■ **Task instructions**: Although the records include pictures, the copy should not; write out exactly the lines from the first through the line with "Cancivanta Neuro Tablets".

■ **Entries provided**:
- Opening Delimiter -

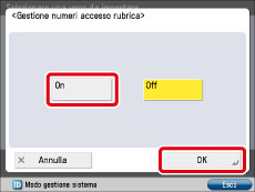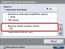 (Impostazioni/Registrazione) → [Impostazione destinazione] → [Gestione numeri accesso rubrica].
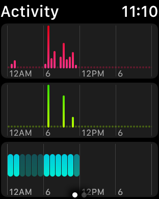 Below the progress circles, you will see three charts showing you the results for Move (red), Exercise (green) and Stand (blue) by the hour. The chart is for the current day, and goes from midnight to midnight.
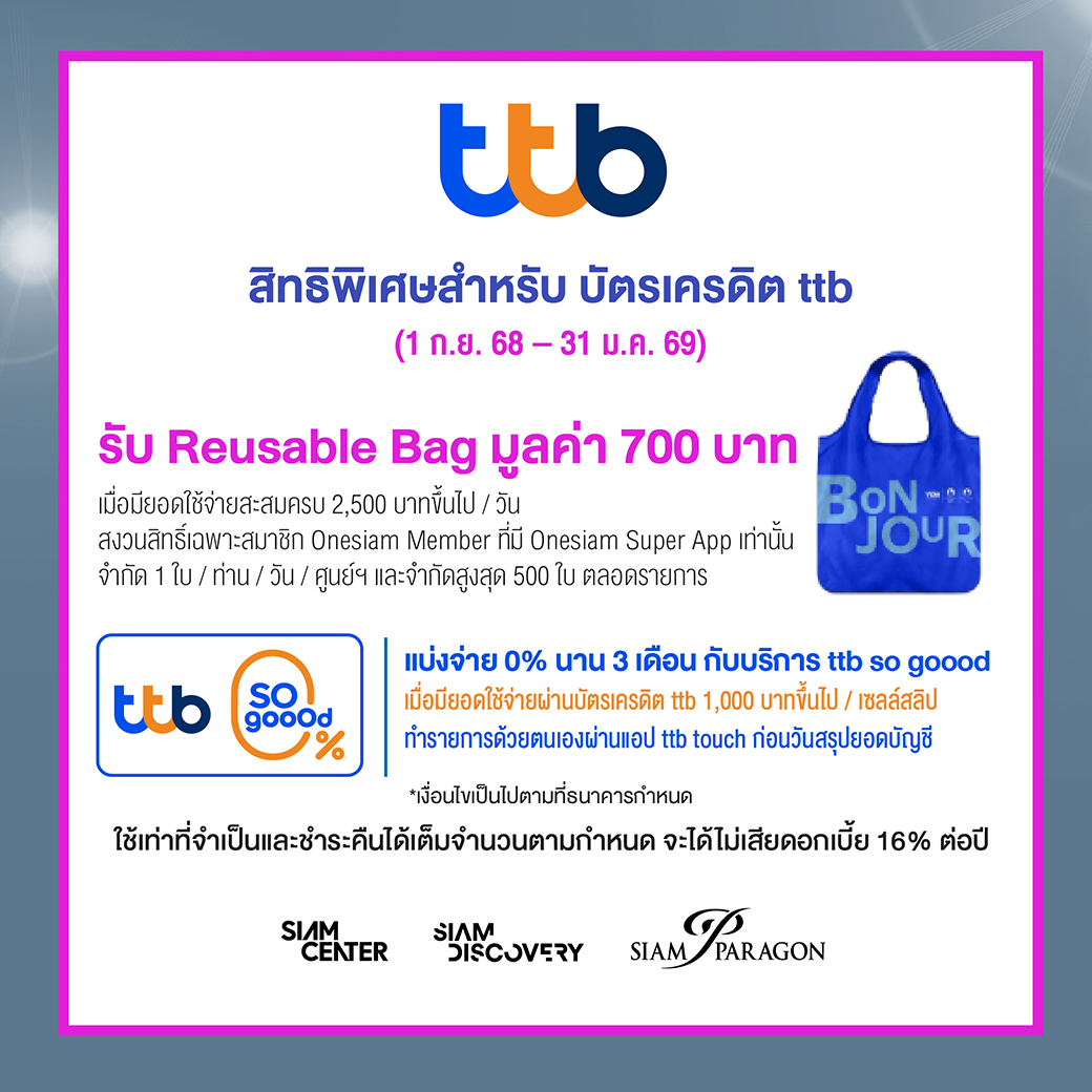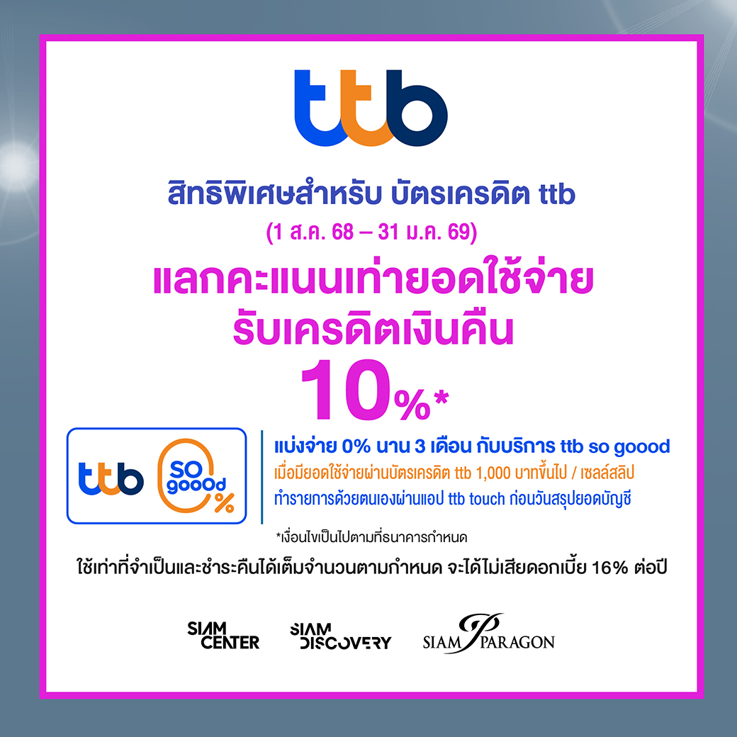 สิทธิพิเศษสำหรับ บัตรเครดิต ttb (1 ส.ค. 68 - 31 ม.ค. 69)
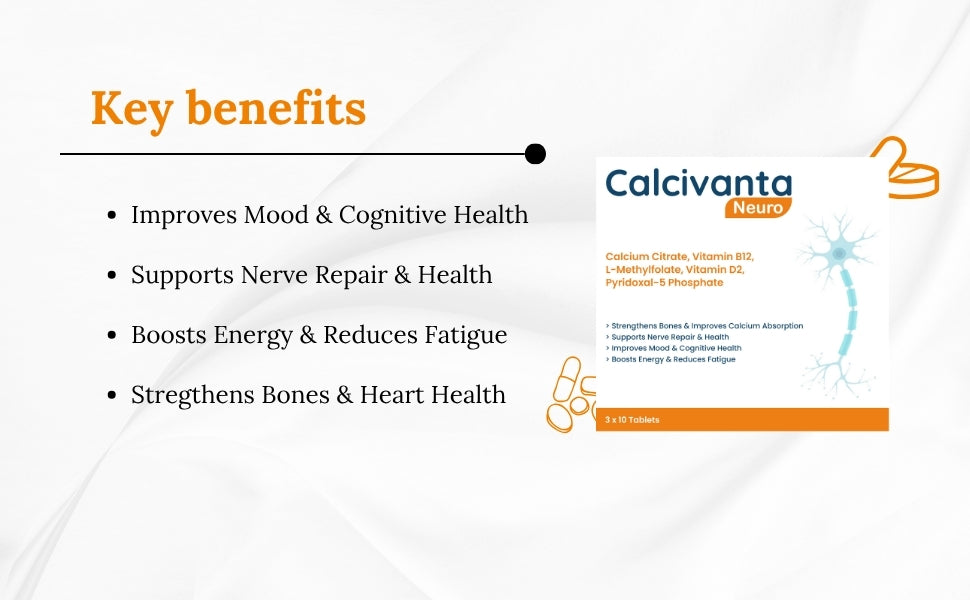 Cancivanta Neuro Tablets are designed to support brain and nerve health. Enriched with essential neuro-vitamins, they help improve memory, focus, and concentration while reducing fatigue and enhancing overall vitality.
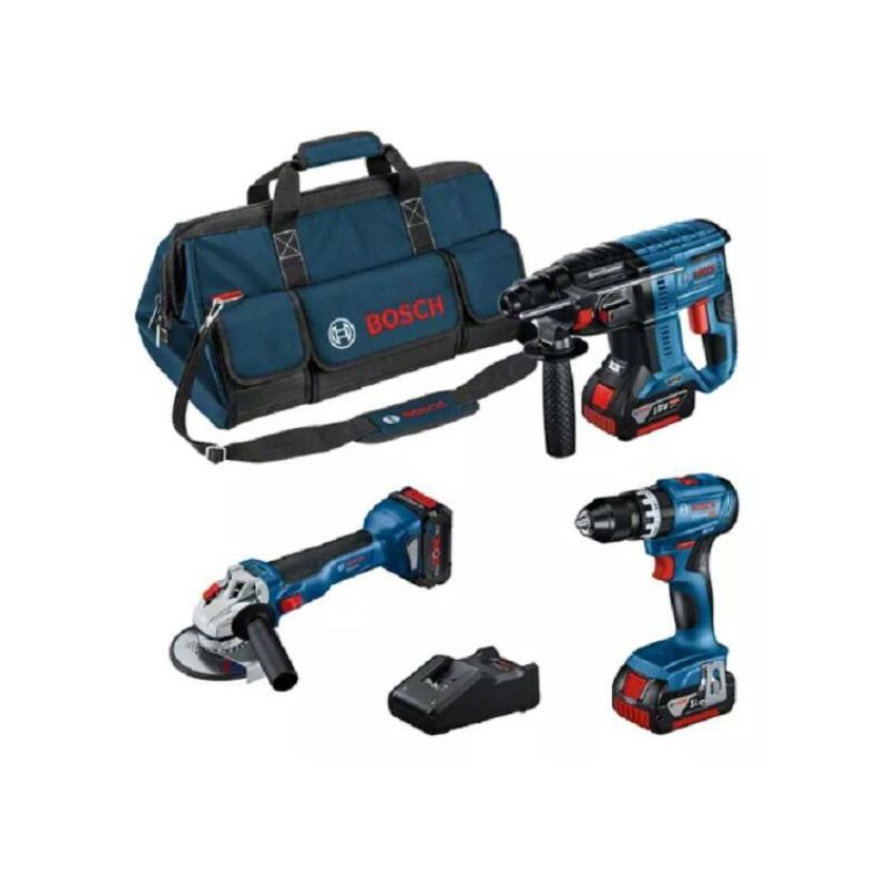 KIT GBH 18V-21 + GWS 18V-10 + Kit da 3 utensili: GSB + GWS + GBH + 2 batterie GBA 18V 5.0Ah + PC 18V 5.5Ah + caricabatteria GAL Il kit 3 utensili Brushless 18 V con batterie 0615990N29 Bosch Professional è un pratico e completo set, ideale per rispondere a tutte le necessità dei professionisti. Questi elettroutensili professionali sono dotati di motore Brushless alimentato da batterie da 18 V per garantire un'eccezionale durata senza richiedere particolare manutenzione, offrendo la comodità degli utensili a batteria con prestazioni paragonabili agli utensili a filo Bosch. Questo set comprende un trapano a percussione GSB 18V-45, un tassellatore GBH 18V-21 e una smerigliatrice angolare GWS 18V-10, perfetti per eseguire un'ampia gamma di operazioni nell'ambito dell'edilizia, carpenteria, industria o montaggio. Per completare il set, in dotazione vengono forniti anche il caricabatterie e tre batterie, due GBA da 5,0 Ah ed una ProCORE da 5,5 Ah per alimentare sin da subito i propri
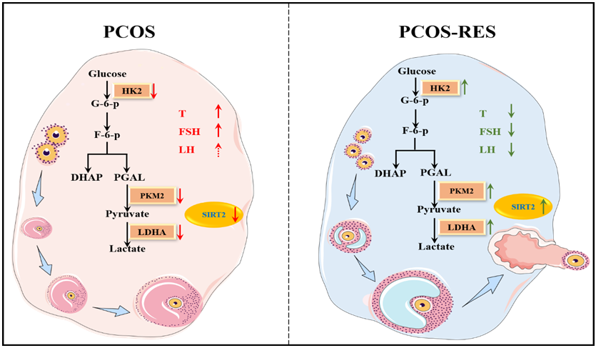PCOS是女性常见的内分泌代谢紊乱性疾病,临床症状多表现为高雄激素血症、高胰岛素血症、卵巢多囊样改变、月经稀发、无排卵等,是女性不孕的重要原因之一,由其导致的卵泡发育障碍占排卵障碍性不孕的比例高达75%。目前,关于PCOS卵泡发育障碍的机制尚不明确。
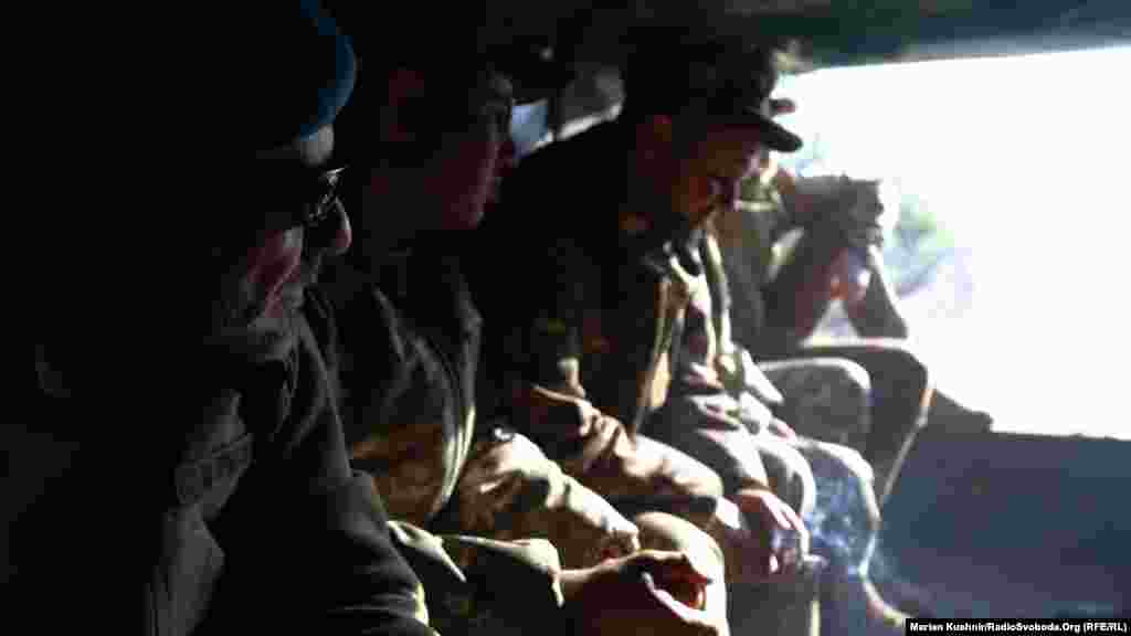 Вранці зі всіх позицій сходяться солдати до автомобілів і їдуть на дільницю.
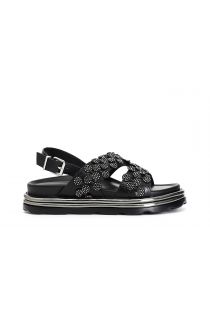 Sandalias asimétricas con enhebrado de pedrería en la banda. cómodo fussbett e inserto laminado visible en la suela. tacón de 40 mm de altura.

- Closing Delimiter -

■ **Expected answer**:
 (Impostazioni/Registrazione) → [Impostazione destinazione] → [Gestione numeri accesso rubrica].
 Below the progress circles, you will see three charts showing you the results for Move (red), Exercise (green) and Stand (blue) by the hour. The chart is for the current day, and goes from midnight to midnight.
 สิทธิพิเศษสำหรับ บัตรเครดิต ttb (1 ส.ค. 68 - 31 ม.ค. 69)
 Cancivanta Neuro Tablets are designed to support brain and nerve health. Enriched with essential neuro-vitamins, they help improve memory, focus, and concentration while reducing fatigue and enhancing overall vitality.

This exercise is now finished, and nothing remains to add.